I think that right after you learn the Yoneda lemma, the Grothendieck construction might be one of the most surprisingly useful techniques in basic category theory. The purpose of this post is to introduce the Grothendieck construction and illustrate a situation where it came up for me.
Let $\mathsf{C}$ be a category and $F\colon \mathsf{C} \to \mathsf{Cat}$ a functor to the category of small categories. The Grothendieck construction takes this situation and produces a new category $\mathsf{D}$ equipped with a functor $\pi\colon \mathsf{D} \to \mathsf{C}$ . The category $\mathsf{D}$ is sometimes called the category of elements of the functor $F$ . Now, $F$ is allowed to be either covariant or contravariant, but I’ll concentrate on the covariant case in this post. If you wish, you may secretly replace $\mathsf{Cat}$ with $\mathsf{Set}$ or $\mathsf{Grpoid}$ .
The category of elements
Here is the construction of the category $\mathsf{D}$ assuming that $F$ is covariant. An object of $\mathsf{D}$ is a pair $(c,x)$ , where $c \in \mathsf{C}$ is an object and $x \in Fc$ is an object. (If $\mathsf{Cat}$ were $\mathsf{Set}$ , we’d have an element of the set $Fc$ , hence the name.) An arrow $(c,x) \to (d,y)$ is a pair $(f,\alpha)$ , where $f\colon c \to d$ is an arrow in $\mathsf{C}$ and $\alpha\colon Ff(x) \to y$ is an arrow in the category $Fd$ . (If $\mathsf{Cat}$ is $\mathsf{Set}$ , the only arrows are of the form $(f,1_{Ff(x)})$ from $(c,x)$ to $(d,Ff(x))$ .) If you think about it, the only sensible way to define the composition of $(f,\alpha)\colon (c,x) \to (d,y)$ with $(g,\beta)\colon (d,y) \to (e,z)$ is as $(gf,\beta \circ Fg(\alpha))$ , and so we do. Checking that composition is associative is cute; I’ll let you do it.

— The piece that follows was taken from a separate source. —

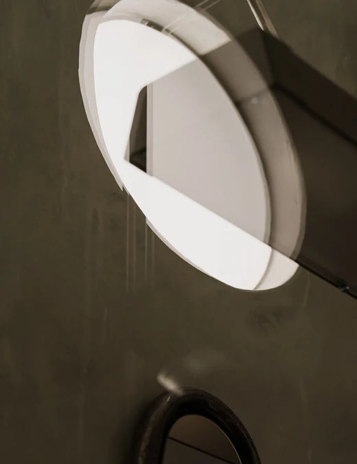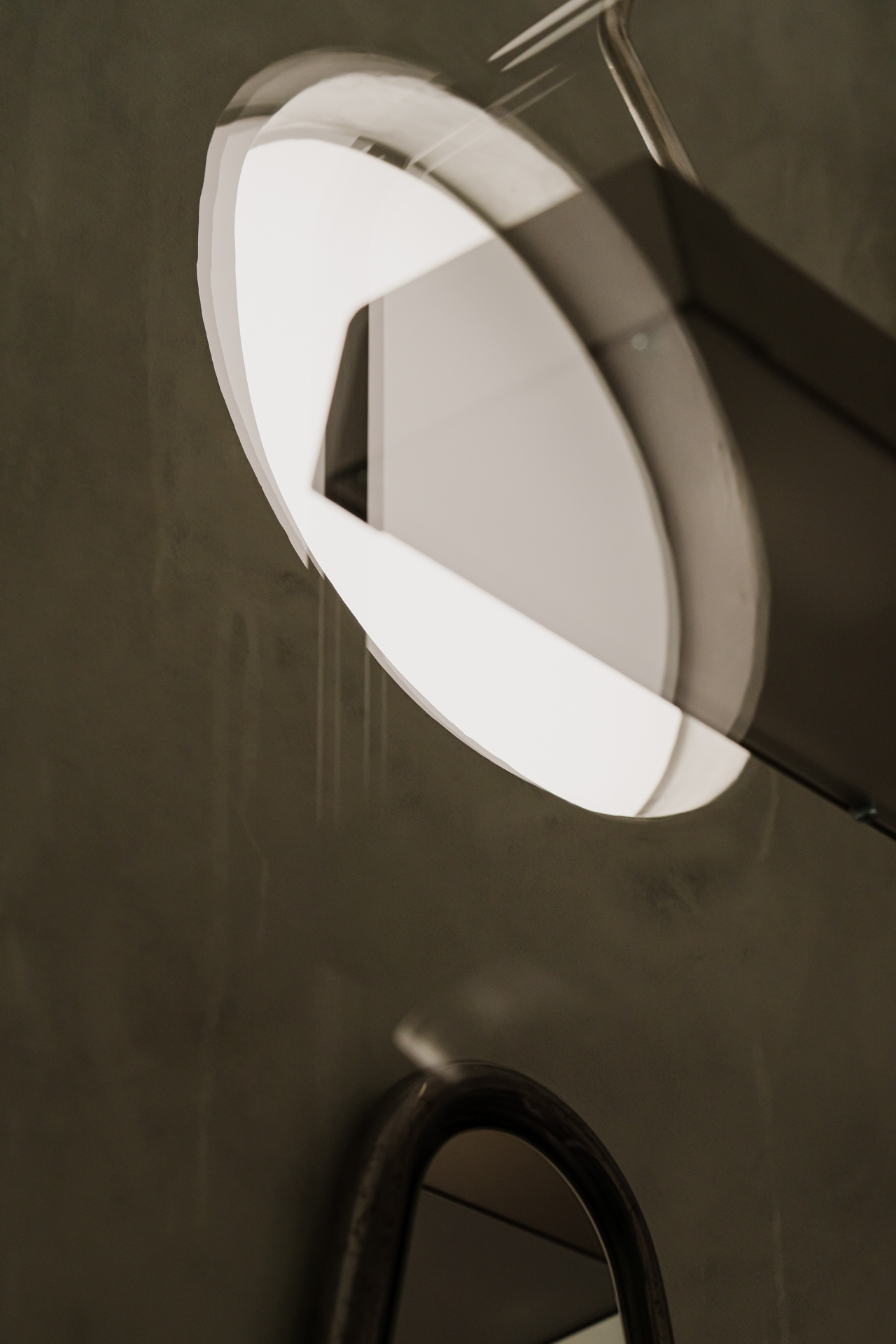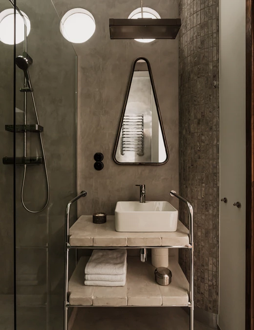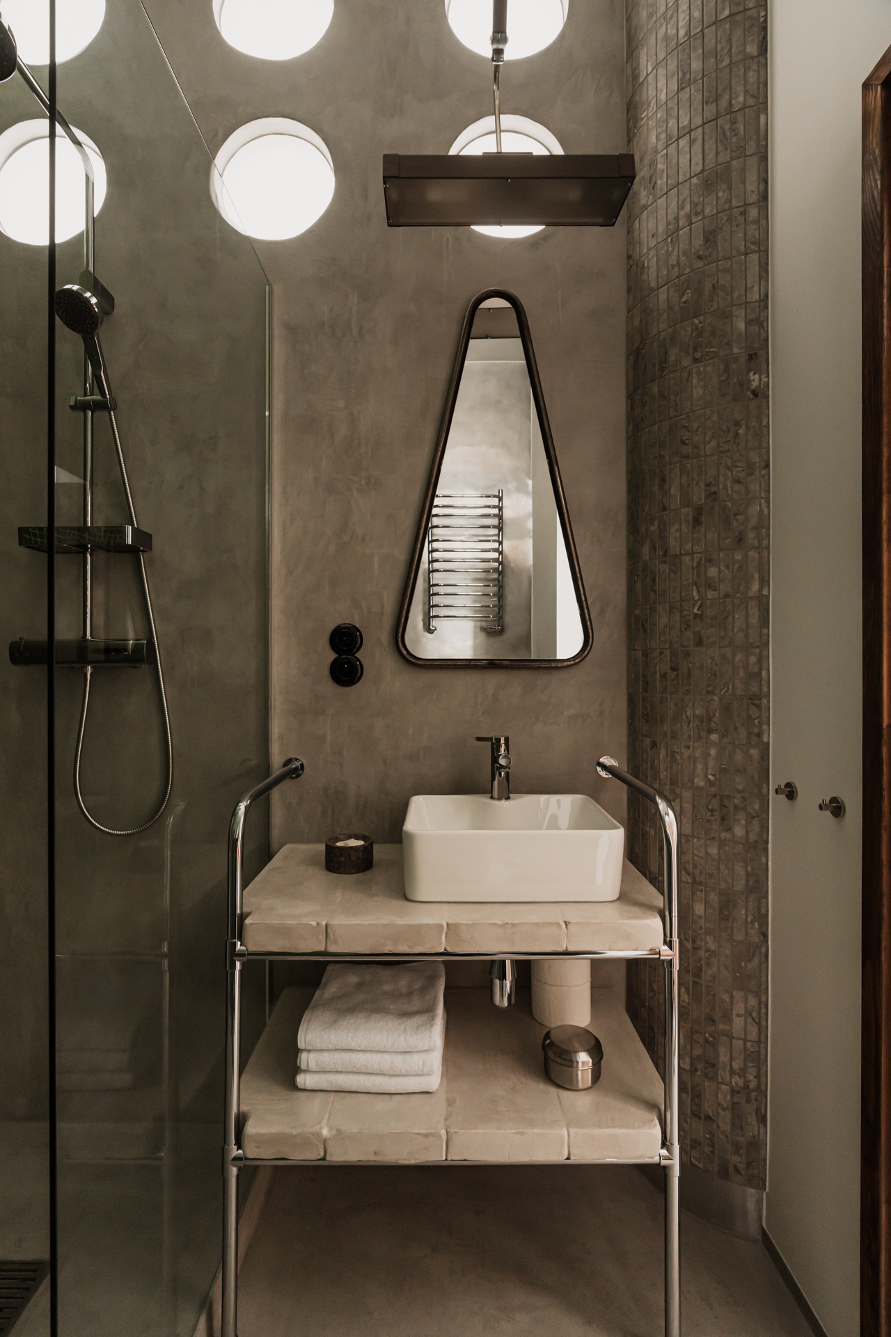 Łazienka kontynuuje wizualne założenia mieszkania – bez stylistycznych kompromisów. Pojawiają się tu strzeliste formy, surowe akcenty i monochromatyczna, falująca ściana. Ilość płytek ceramicznych ograniczono do minimum, a na ścianach pojawiły się blachy oraz betonowe tynki.

The functor $\pi\colon \mathsf{D} \to \mathsf{C}$ is sort of staring at us: it’s defined as $\pi(c,x) = c$ and $\pi(f,\alpha) = f$ .
Co-fibered categories
The functor $\pi\colon \mathsf{D} \to \mathsf{C}$ is pre-cofibered in the sense that given $f\colon c \to d$ in $\mathsf{C}$ and any object of the form $(c,x)$ , precomposition with the arrow $(f,1_{Ff(x)})$ provides, for any $(d,y)$ in $\mathsf{D}$ , an isomorphism
$\{(1_d,\alpha) \colon (d,Ff(x)) \to (d,y)\} \cong \{(f,\beta) \colon (x,c) \to (d,y)\}.$The arrows of the form $(f,1_x)$ are called co-cartesian and because the composition of co-cartesian arrows is co-cartesian, we say that $\pi\colon \mathsf{D} \to \mathsf{C}$ is cofibered.
The usefulness of this formulation is the following corollary to Quillen’s Theorem A:
Corollary. Suppose that $\pi\colon \mathsf{D} \to \mathsf{C}$ is pre-cofibered (or the dual notion, pre-fibered) and that for each $c \in \mathsf{C}$ , the category $\pi^{-1}(c)$ comprising those objects $d \in \mathsf{D}$ satisfying $\pi(d) = c$ and those arrows $\alpha$ satisfying $\pi(\alpha) = 1_c$ has a contractible geometric realization. Then the resulting map of geometric realizations $|\pi|\colon |\mathsf{D}| \to |\mathsf{C}|$ is a homotopy equivalence.
Here’s how this came up for me: I have managed to be very coy about talking about Outer Space so far and unfortunately I will continue to be coy here and now. The spine of Outer Space is the geometric realization of a certain category, whose objects are in one formulation (equivalence classes) of trees equipped with the action of a group (classically the free group of rank $n$ ) satisfying certain conditions. Arrows of the category are collapse maps. If we think of the barycentric subdivision of each tree as a geometric realization of a category, then each collapse map is a functor of the associated categories.
Carefully (or not, the equivalence relation is such that the “category of choices” is a contractible groupoid) choosing a tree in each equivalence class defines, then, a functor from Outer Space to $\mathsf{Cat}$ . If you perform the Grothendieck construction on this situation, you get the spine of l’Autre Espace (French: “the other space”), a space that the full automorphism group of a free group acts on nicely. Anyway, contractibility of the spine of l’Autre Espace thus follows from the fact that trees are contractible, the spine of Outer Space is contractible, and the corollary to Quillen’s Theorem A.